MATERIAL SHOWN START
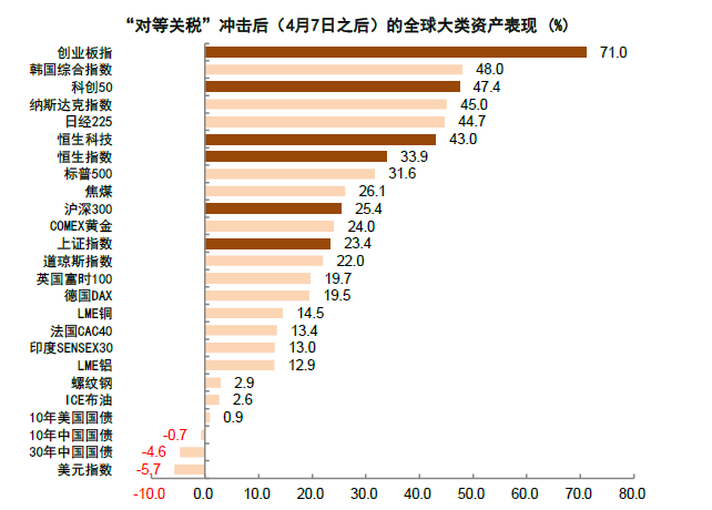 3)正视中国资产基本面“韧性”。与部分视角认为前期A股市场上行主要以流动性为核心驱动的观点相比,我们认为当前A股具备基本面的支撑,2025年A股上市公司有望结束此前四年的增速连降,转为实现正增长,较多成长风格在今年业绩层面显现高景气,指数上涨过程中的较多权重行业是当下我国重要产业景气上行的映射。后续结合我国大市场环境、大长全产业链、工程师红利、及政策红利,我们认为代表我国尤其新质生产力相关领域有望实现长足发展,以基本面驱动市场中期上行延续。
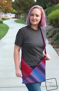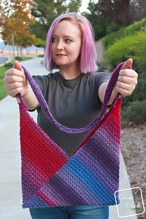 This fun bag is so simple! It’s all about the fold. Make all that lovely texture, pair it with some variegated yarn, and you’ll have a gorgeous piece of fabric to fold. It’s easy to customize and accessorize.
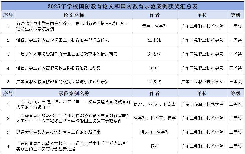 近日,广东省教育厅发布《关于2025年全省学校优秀教学成果奖(职业教育)拟获奖名单的公示》,我校共有4项教学成果入选,其中特等奖1项、一等奖2项、二等奖1…
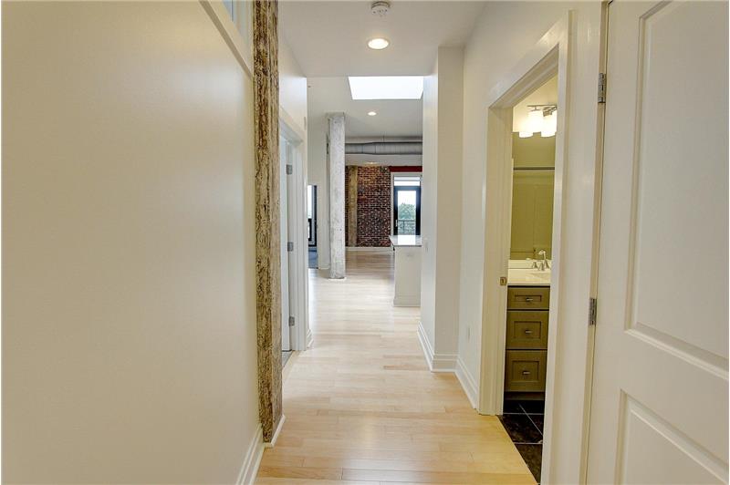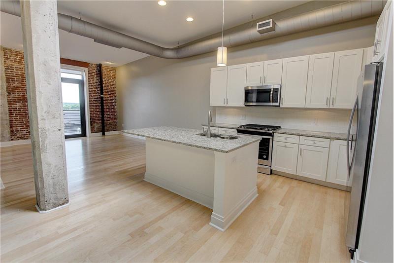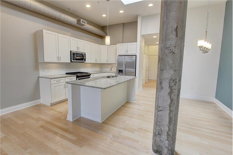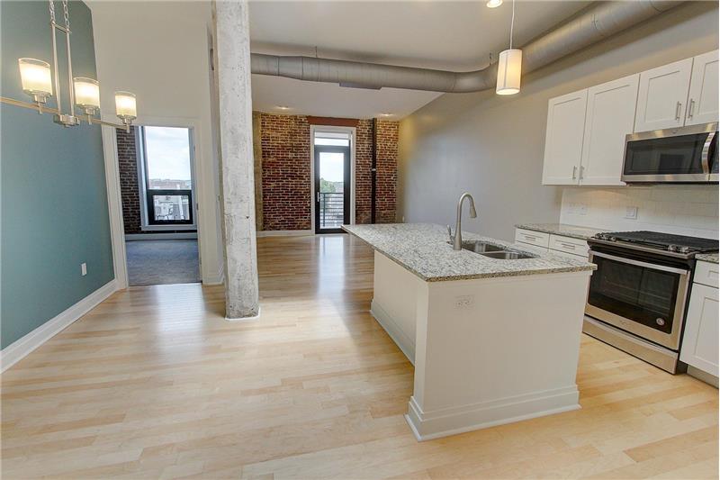 Imagine stepping outside the historic Lancaster Press building and enjoying all Lancaster City has to offer! This beautiful 6th floor 2 Bedroom & 2 full bath unit has northern exposure with a great view north and northwest, and is fully finished and ready for immediate occupancy. Open floor plan with 1,174 sf of living space... exposed brick walls, concrete columns, and balcony. 2 skylights! Fabulous open kitchen with granite countertops & tile backsplash, hardwood flooring, stainless steel appliances with gas range, granite bathroom vanity tops, ceramic tile flooring & ceramic tile shower.
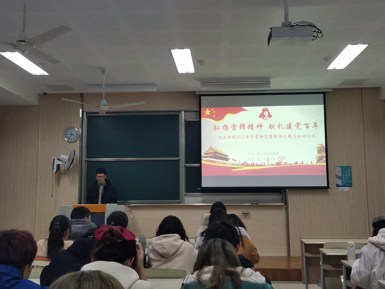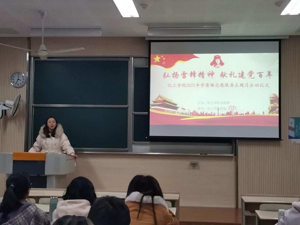 于3月5日下午举办了2021年“学雷锋”志愿服务主题月启动仪式。学院2019级辅导员高静老师出席了此次仪式。此次仪式是由化工学院青年志愿者协会葛文昊同学进行主持。
MATERIAL SHOWN END
## [ACTION ITEM]
Take the material above and output only the lines from the one that contains "This fun bag" through the one that contains "近日,广东省教育厅发布《关于", ends included and images left out.

## [SOLUTION BELOW]
 This fun bag is so simple! It’s all about the fold. Make all that lovely texture, pair it with some variegated yarn, and you’ll have a gorgeous piece of fabric to fold. It’s easy to customize and accessorize.
 近日,广东省教育厅发布《关于2025年全省学校优秀教学成果奖(职业教育)拟获奖名单的公示》,我校共有4项教学成果入选,其中特等奖1项、一等奖2项、二等奖1…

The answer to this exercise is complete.